Reproduce the material below only from the line with "이곳에서 멋진 사진을" to the line with "Die Schneidleistung –", both included, keeping each line exact and dropping the pictures.

[EXERCISE DATA]

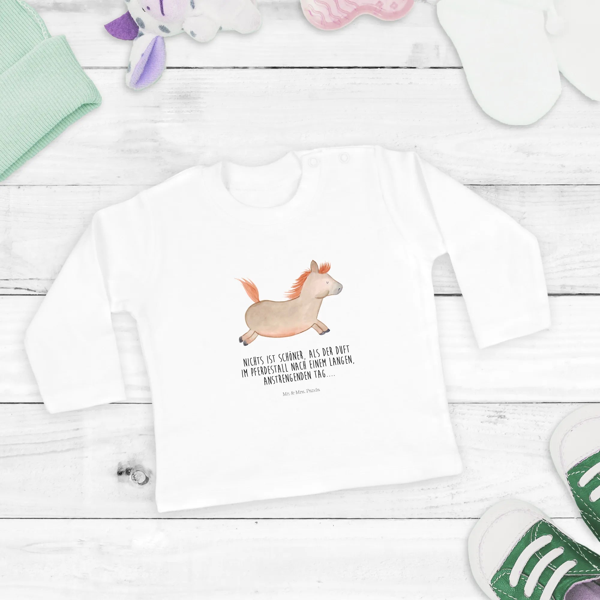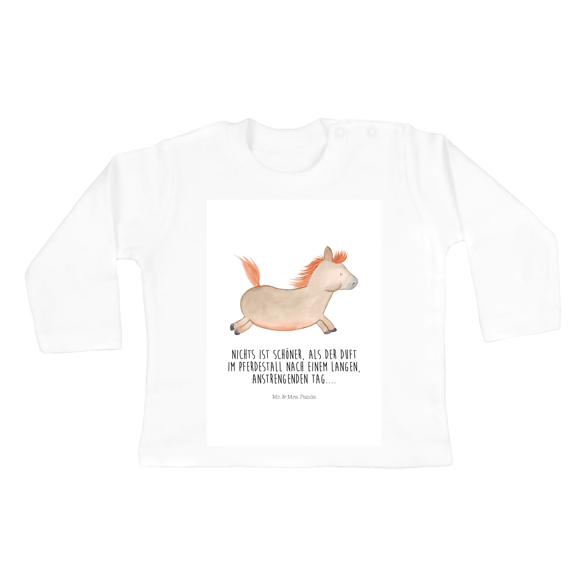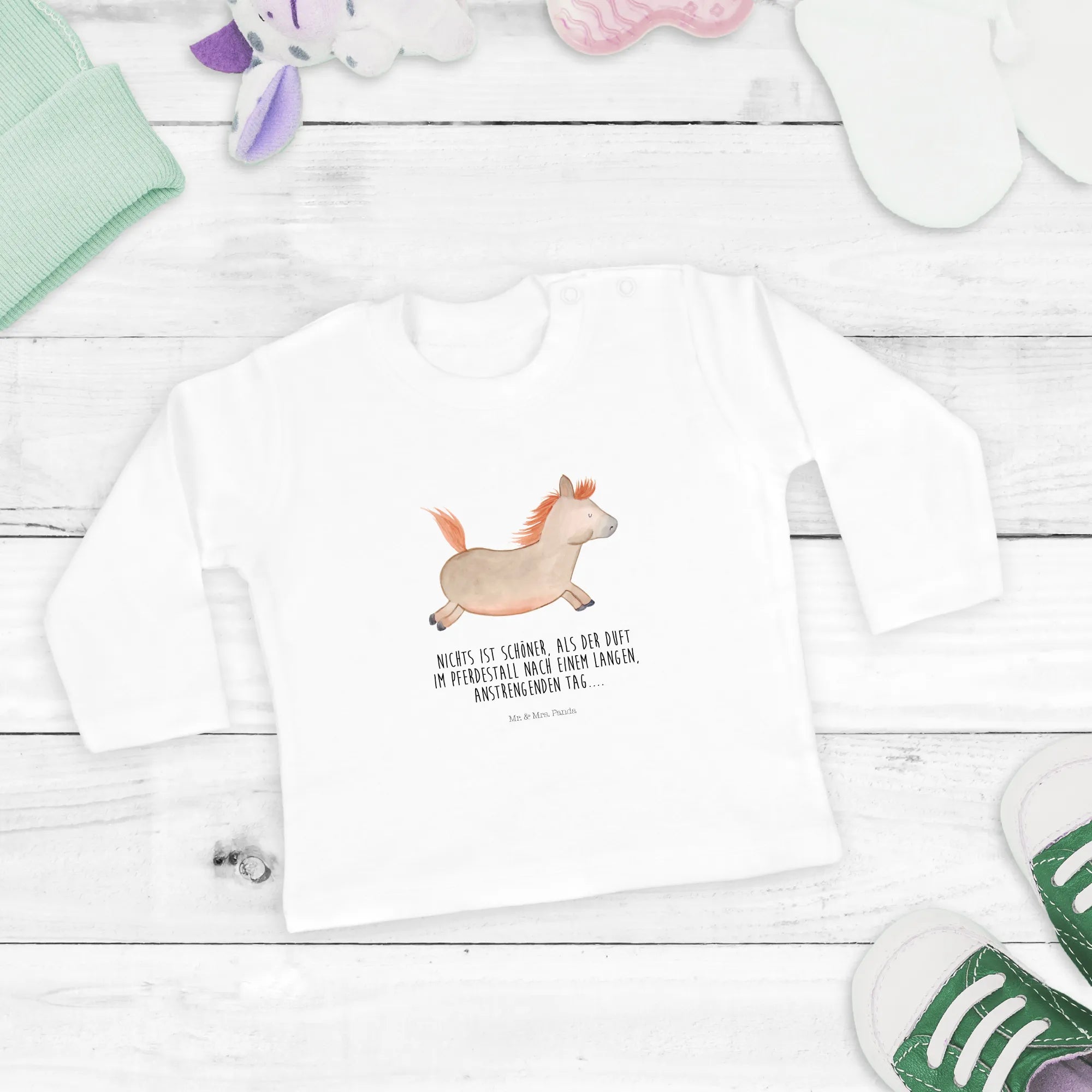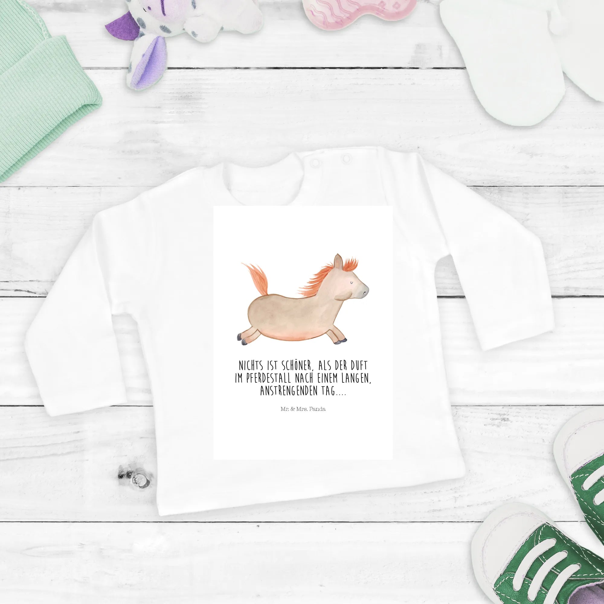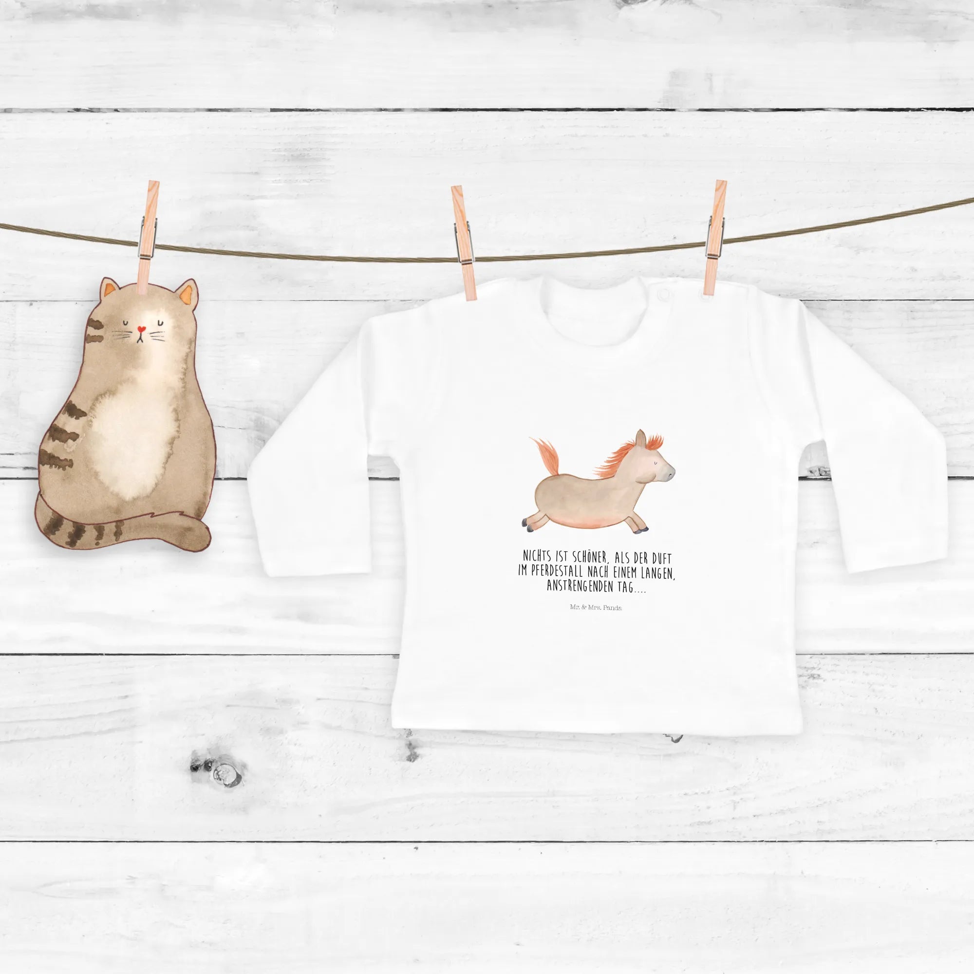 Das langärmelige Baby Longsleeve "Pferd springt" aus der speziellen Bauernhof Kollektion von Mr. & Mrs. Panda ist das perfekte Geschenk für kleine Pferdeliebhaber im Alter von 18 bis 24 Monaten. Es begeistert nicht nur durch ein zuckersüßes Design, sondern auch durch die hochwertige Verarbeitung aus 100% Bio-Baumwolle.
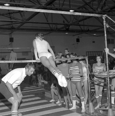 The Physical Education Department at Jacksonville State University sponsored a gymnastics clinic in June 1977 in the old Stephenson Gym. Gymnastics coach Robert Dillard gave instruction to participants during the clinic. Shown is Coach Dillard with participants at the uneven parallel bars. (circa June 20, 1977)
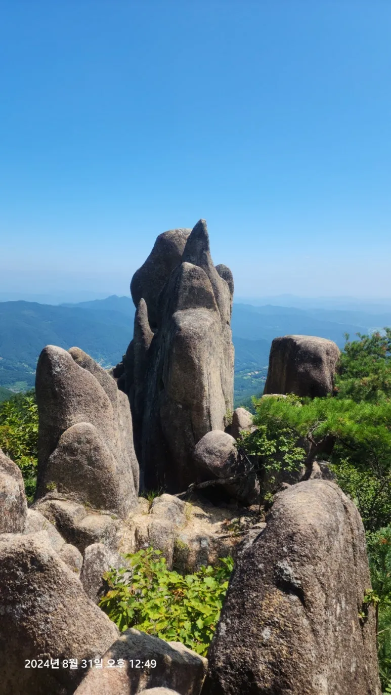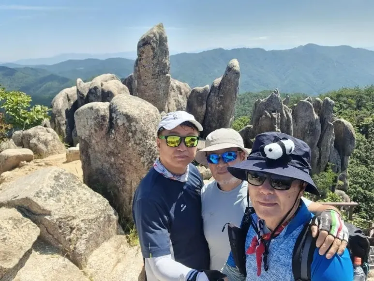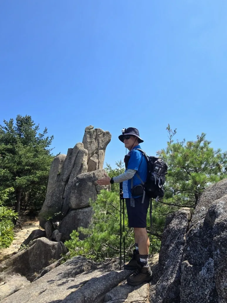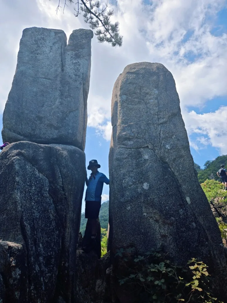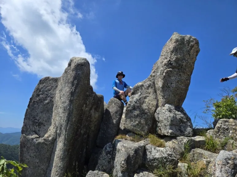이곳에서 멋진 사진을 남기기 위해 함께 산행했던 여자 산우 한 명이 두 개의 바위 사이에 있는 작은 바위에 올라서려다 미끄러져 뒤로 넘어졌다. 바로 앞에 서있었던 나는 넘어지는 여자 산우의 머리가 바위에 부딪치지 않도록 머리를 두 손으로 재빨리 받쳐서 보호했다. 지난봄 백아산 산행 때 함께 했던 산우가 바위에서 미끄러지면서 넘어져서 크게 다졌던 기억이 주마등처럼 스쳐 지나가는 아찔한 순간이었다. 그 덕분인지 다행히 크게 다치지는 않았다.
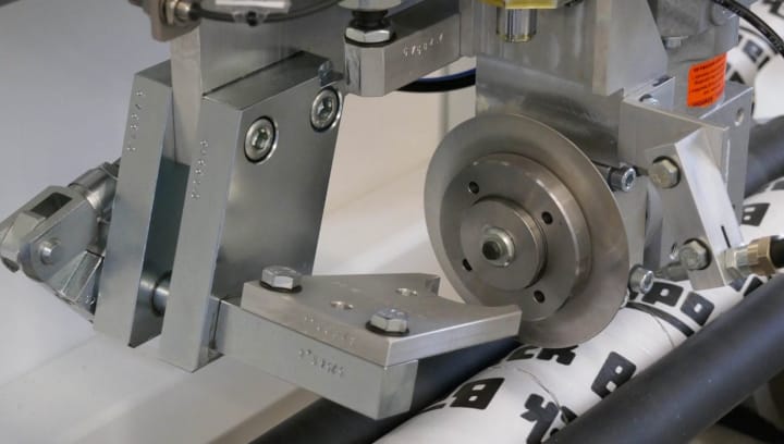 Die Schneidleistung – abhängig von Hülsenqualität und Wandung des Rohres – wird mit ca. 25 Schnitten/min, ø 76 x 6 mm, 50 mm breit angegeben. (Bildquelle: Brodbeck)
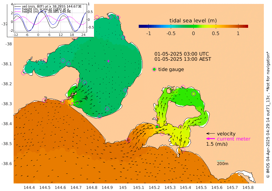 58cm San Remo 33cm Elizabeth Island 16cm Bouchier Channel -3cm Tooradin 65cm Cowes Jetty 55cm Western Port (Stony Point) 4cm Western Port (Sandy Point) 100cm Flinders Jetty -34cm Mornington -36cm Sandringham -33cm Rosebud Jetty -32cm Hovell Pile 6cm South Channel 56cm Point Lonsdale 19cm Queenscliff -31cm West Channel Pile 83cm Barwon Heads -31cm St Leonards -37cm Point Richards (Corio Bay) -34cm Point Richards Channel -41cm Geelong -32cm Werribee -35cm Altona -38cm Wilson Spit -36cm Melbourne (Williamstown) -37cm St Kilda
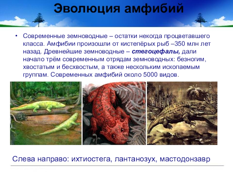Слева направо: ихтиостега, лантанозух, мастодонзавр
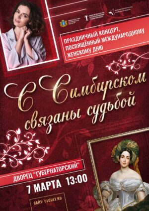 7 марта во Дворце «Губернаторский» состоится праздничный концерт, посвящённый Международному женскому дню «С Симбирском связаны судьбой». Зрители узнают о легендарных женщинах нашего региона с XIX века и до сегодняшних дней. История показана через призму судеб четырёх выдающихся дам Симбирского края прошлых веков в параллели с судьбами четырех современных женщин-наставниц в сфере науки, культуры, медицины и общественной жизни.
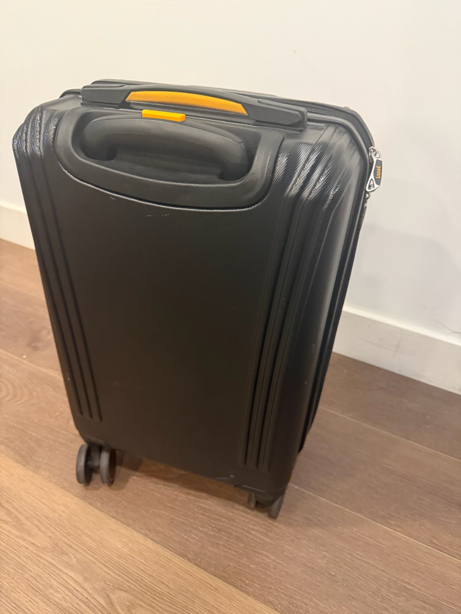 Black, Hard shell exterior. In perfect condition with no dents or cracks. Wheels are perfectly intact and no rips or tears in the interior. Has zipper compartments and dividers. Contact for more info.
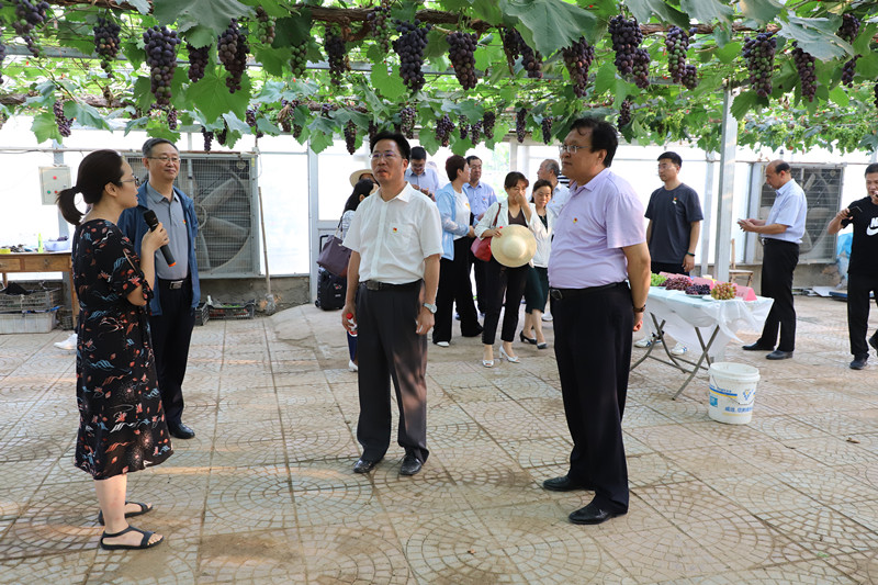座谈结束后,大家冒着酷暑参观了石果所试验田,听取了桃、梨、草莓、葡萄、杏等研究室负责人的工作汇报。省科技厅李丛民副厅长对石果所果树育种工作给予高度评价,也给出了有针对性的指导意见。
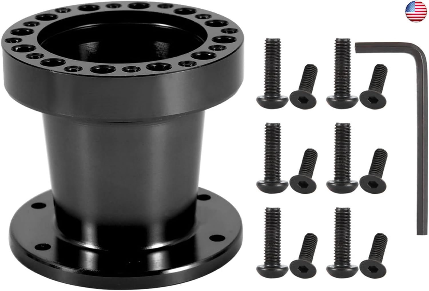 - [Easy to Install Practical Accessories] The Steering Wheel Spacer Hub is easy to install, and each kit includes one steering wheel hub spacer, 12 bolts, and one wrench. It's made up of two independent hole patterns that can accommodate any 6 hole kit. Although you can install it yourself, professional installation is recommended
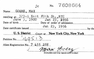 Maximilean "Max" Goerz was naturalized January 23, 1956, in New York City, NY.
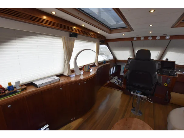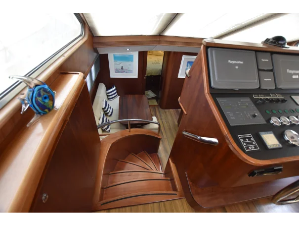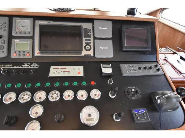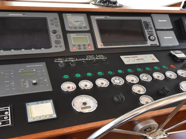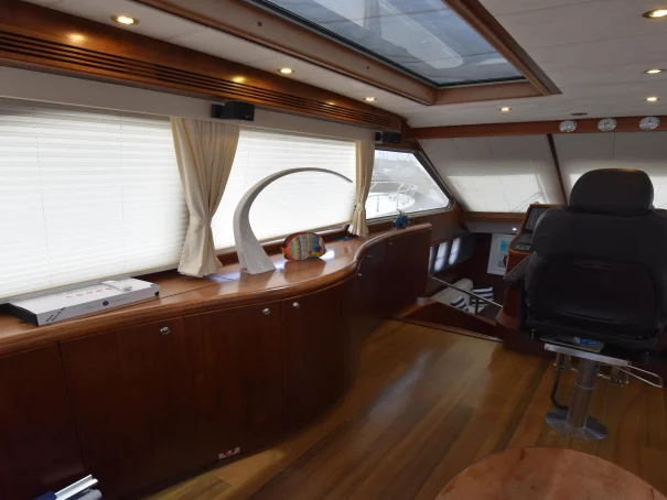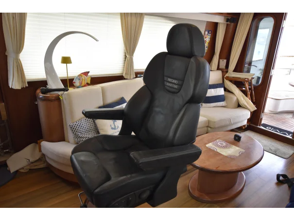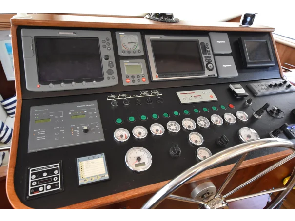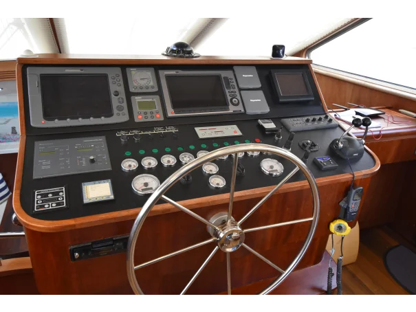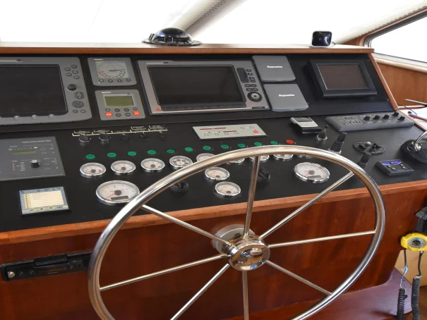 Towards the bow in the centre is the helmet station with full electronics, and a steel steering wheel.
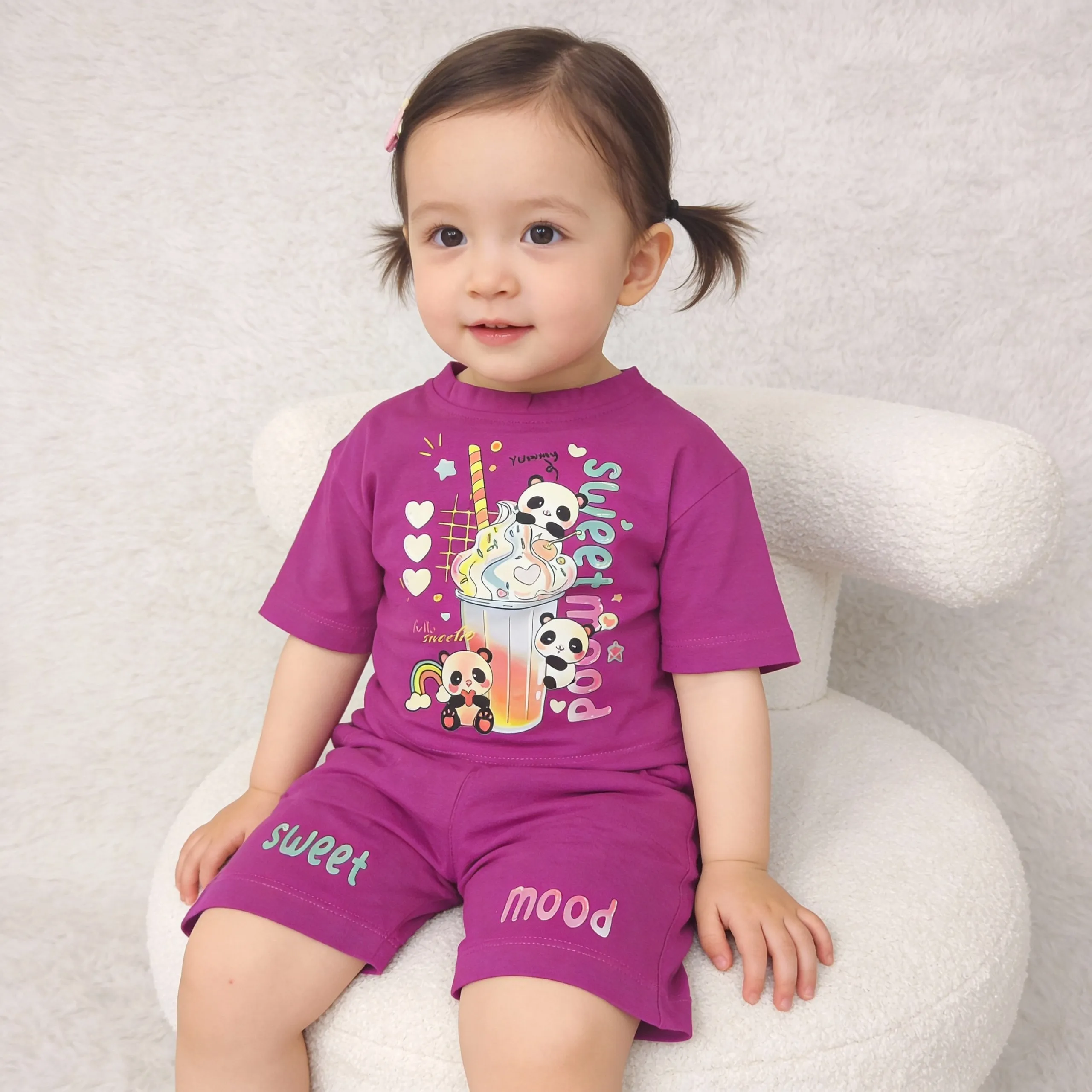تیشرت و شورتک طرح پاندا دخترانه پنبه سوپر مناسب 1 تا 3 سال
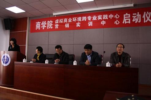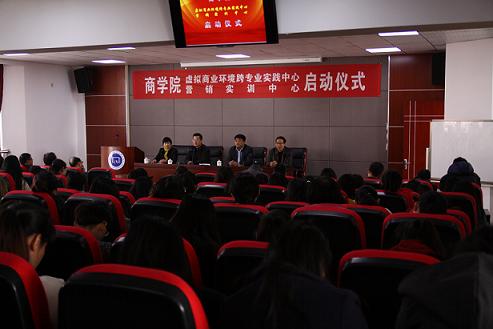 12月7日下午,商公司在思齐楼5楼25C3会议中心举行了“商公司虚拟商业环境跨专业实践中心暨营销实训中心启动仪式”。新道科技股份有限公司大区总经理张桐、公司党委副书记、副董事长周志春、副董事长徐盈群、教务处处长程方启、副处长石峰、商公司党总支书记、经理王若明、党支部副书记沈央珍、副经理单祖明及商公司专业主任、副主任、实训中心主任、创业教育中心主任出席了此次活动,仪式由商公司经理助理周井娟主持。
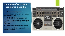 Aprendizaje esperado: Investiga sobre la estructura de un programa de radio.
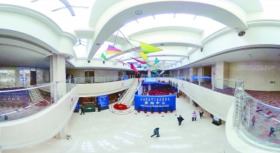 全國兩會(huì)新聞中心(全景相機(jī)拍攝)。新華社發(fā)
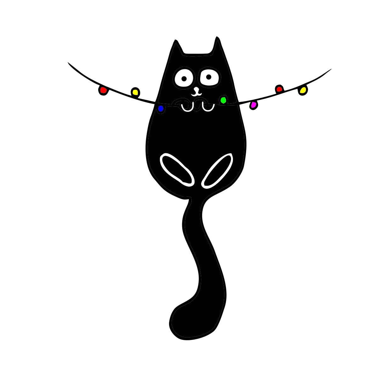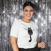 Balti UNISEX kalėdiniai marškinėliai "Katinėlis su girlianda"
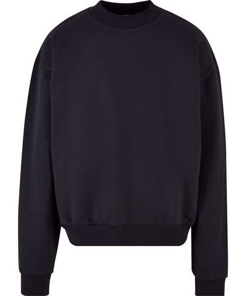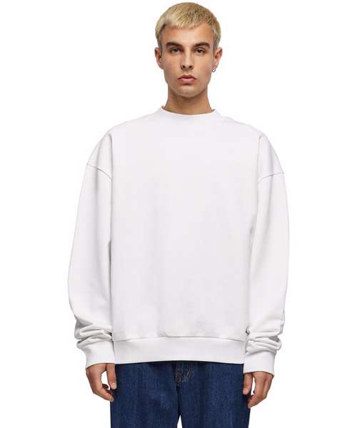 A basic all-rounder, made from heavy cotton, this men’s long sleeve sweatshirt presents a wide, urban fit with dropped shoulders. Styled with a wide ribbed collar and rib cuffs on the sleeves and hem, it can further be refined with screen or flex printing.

[/EXERCISE DATA]

§ **YOUR RESPONSE**:
이곳에서 멋진 사진을 남기기 위해 함께 산행했던 여자 산우 한 명이 두 개의 바위 사이에 있는 작은 바위에 올라서려다 미끄러져 뒤로 넘어졌다. 바로 앞에 서있었던 나는 넘어지는 여자 산우의 머리가 바위에 부딪치지 않도록 머리를 두 손으로 재빨리 받쳐서 보호했다. 지난봄 백아산 산행 때 함께 했던 산우가 바위에서 미끄러지면서 넘어져서 크게 다졌던 기억이 주마등처럼 스쳐 지나가는 아찔한 순간이었다. 그 덕분인지 다행히 크게 다치지는 않았다.
 Die Schneidleistung – abhängig von Hülsenqualität und Wandung des Rohres – wird mit ca. 25 Schnitten/min, ø 76 x 6 mm, 50 mm breit angegeben. (Bildquelle: Brodbeck)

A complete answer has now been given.